Петербургский социальный антрополог Ян Моравицкий – один из тех интеллектуалов, которые в этом году решили покинуть Россию по политическим причинам. Осенью он переехал в город Лодзь в центре Польши. В России Ян Моравицкий работал редактором на "Радио России" и нескольких телеканалах. О причинах, вынудивших его уехать, он рассказал Радио Свобода.
– Ян, у вас польская фамилия, но все не так просто: вы – поляк с немецкими корнями, верно? Расскажите, пожалуйста, историю вашей семьи, как она оказалась в России?
– Вы правы: с немецкими, шведскими, польскими корнями. Все очень замешано, такой интернациональный салат. Мой прадед в конце XIX века приехал в Петербург из Польши учиться и остался в столице Российской империи, там познакомился со своей женой, немкой. Она тоже жила в Петербурге. Потом революция, война. К сожалению, большинство членов семьи погибло в этот период, но кто-то остался, в том числе моя мама, потом родился я.
– Сталинские репрессии вашу семью затронули?
– В прямом смысле нет. Мои близкие избежали ГУЛАГа. Но репрессии касались не только живых. Для меня самая трагическая история – это уничтожение католического кладбища в Ленинграде на Выборгской стороне. Оно было снесено в течение нескольких ночей. На этом кладбище находилась могила моего прадеда – архитектора Сигизмунда Моравицкого. Второй трагический этап связан с блокадой Ленинграда. Моя прабабушка, немка, не смогла покинуть город. Члены семьи не могли ее вывезти из города просто из-за немецкой фамилии, боялись. Она погибла, как и моя бабушка, в блокадном Ленинграде.
– Ян, как вы сами себя определяете – как поляка, как русского, как русского поляка?
– Безусловно, я человек, связанный с русской культурой. Я родился в России, воспитан в России, вырос в этой стране. Для меня русский язык является фундаментом. В то же время в моей семье, несмотря на все трагические этапы, поддерживалась польскость – польский язык и традиции. Безусловно, это тоже очень важная часть меня. Я человек и русской культуры, и польской культуры, а поскольку мой отец швед, то какие-то элементы и скандинавской традиции мне близки. Но кто я на самом деле? В смысле этнической идентичности трудно ответить на этот вопрос.
– А как вы определяете свой нынешний отъезд – это репатриация, вынужденная эмиграция или просто переезд на время?
Речь идет об ощущении абсолютного дискомфорта
– Формально речь идет об эмиграции. С другой стороны, слово "эмиграция" всегда ассоциировалось у меня с отъездом навсегда, как было в Советском Союзе и вообще в России. В русской традиции слово "эмиграция" означает по большому счету бегство. Не знаю, насколько правильно было бы применять это слово именно в таком значении к моему случаю. Вынужденный отъезд? Наверное, вынужденный. Вынужденный, но, к счастью, не до такой степени, чтобы я не мог сохранить связей с Россией, не мог приезжать туда. Как будет дальше, естественно, сказать трудно.

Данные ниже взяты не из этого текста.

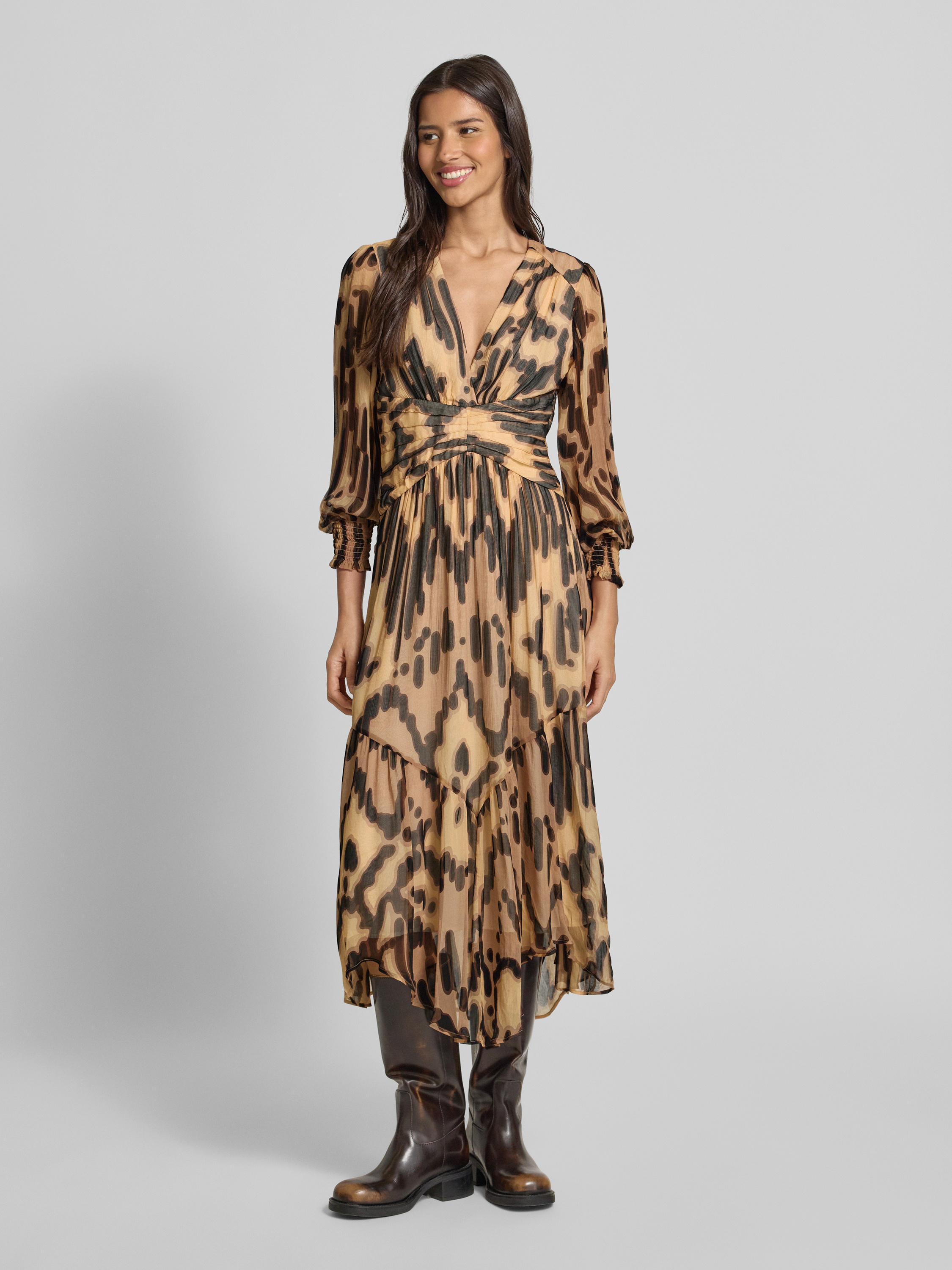 Amoretu Damen Leinenkleid Langarm - Bequemes Midi Kleid Mit Taschen & V-Ausschnitt
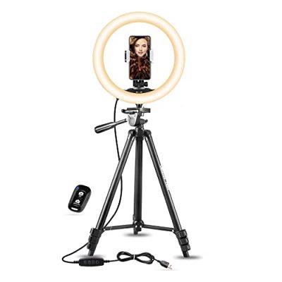 The UBeesize TR50 and 10 inch Ring Light Selfie Ring Light is a versatile and adjustable product that is perfect for live streaming, makeup application, and YouTube videos. The ring light features 3 light colors and 10 levels of brightness, allowing you to find the perfect lighting for any situation. The tripod stand is extendable up to 50 inches and can be adjusted to any height, making it suitable for both tabletop and floor use. The ring light also includes a phone holder that can be placed directly in the ring for convenient use. With a wireless remote control and a 3-year replacement service, this product offers convenience and peace of mind. Overall, the UBeesize TR50 and 10 inch Ring Light Selfie Ring Light is a high-quality and versatile option for those in need of professional lighting for their videos and live streams.
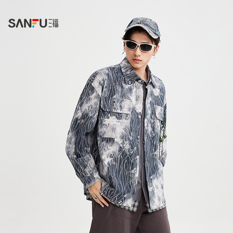 英文刺绣暗纹街头宽松翻领衬衣507847 男长袖 三福2025秋冬新款 衬衫
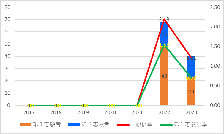| 一般定員 | 志願者数 | 第1志願者 | 第2志願者 | 一般倍率 | 第1志願倍率 | |
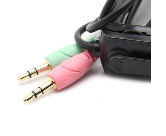 Полированный корпус из пластика черного цвета. Оголовье - регулируемое. Отделка амбушюров выполнена из синтетической кожи с поролоновым наполнителем. Большие 40 мм динамики. Крепление шнура - одностороннее. Регулируемый по углу наклона микрофон. Регулятор громкости на шнуре.
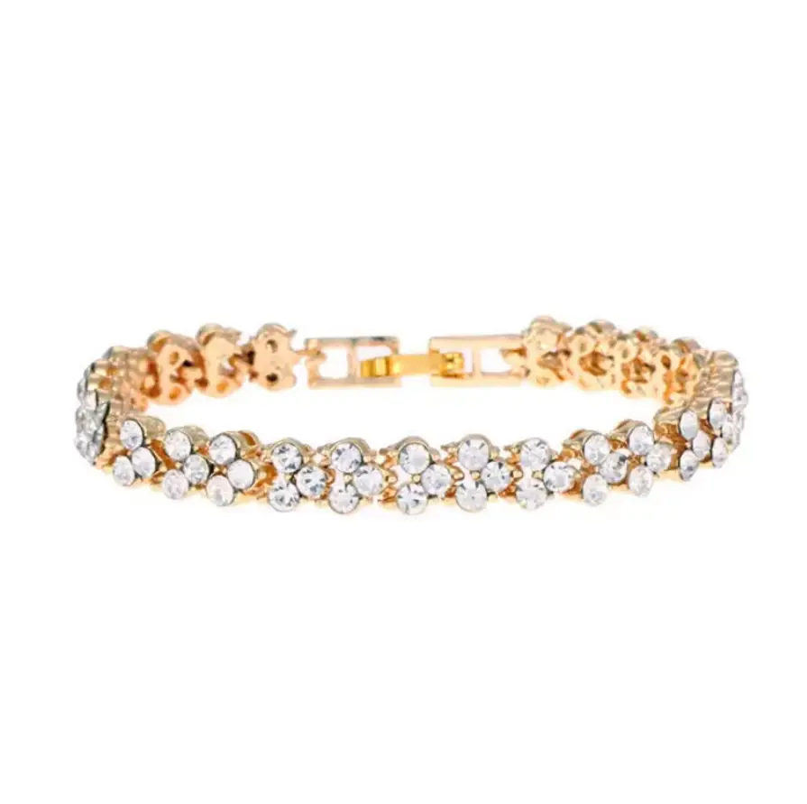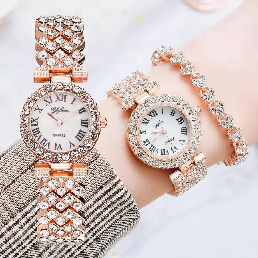 Часы наручные со стразами и браслет розовое золото

– Что же вас вынудило уехать из Петербурга?
Есть фраза Сартра про руки, которые тошнит. В какой-то момент руки начинает тошнить
– Две причины. Первая – личного характера. Речь идет об ощущении абсолютного дискомфорта. Но не в материальном смысле. Речь о психологическом состоянии. Определенный алармизм. Ощущение страха, беспокойства. Конечно, это связано и с конкретными событиями, и с обстановкой в стране. Все это создает фон, который начинает очень сильно раздражать. Вторая причина связана с профессией. Большую часть жизни я работал журналистом. Глубочайший кризис журналистики, с которым мы имеем дело в России, закрывает очень многие перспективы. Есть такая фраза Жан-Поля Сартра про руки, которые тошнит. В какой-то момент руки начинает тошнить, возникает вопрос: зачем ты участвуешь в этом, постоянно идешь на какие-то компромиссы?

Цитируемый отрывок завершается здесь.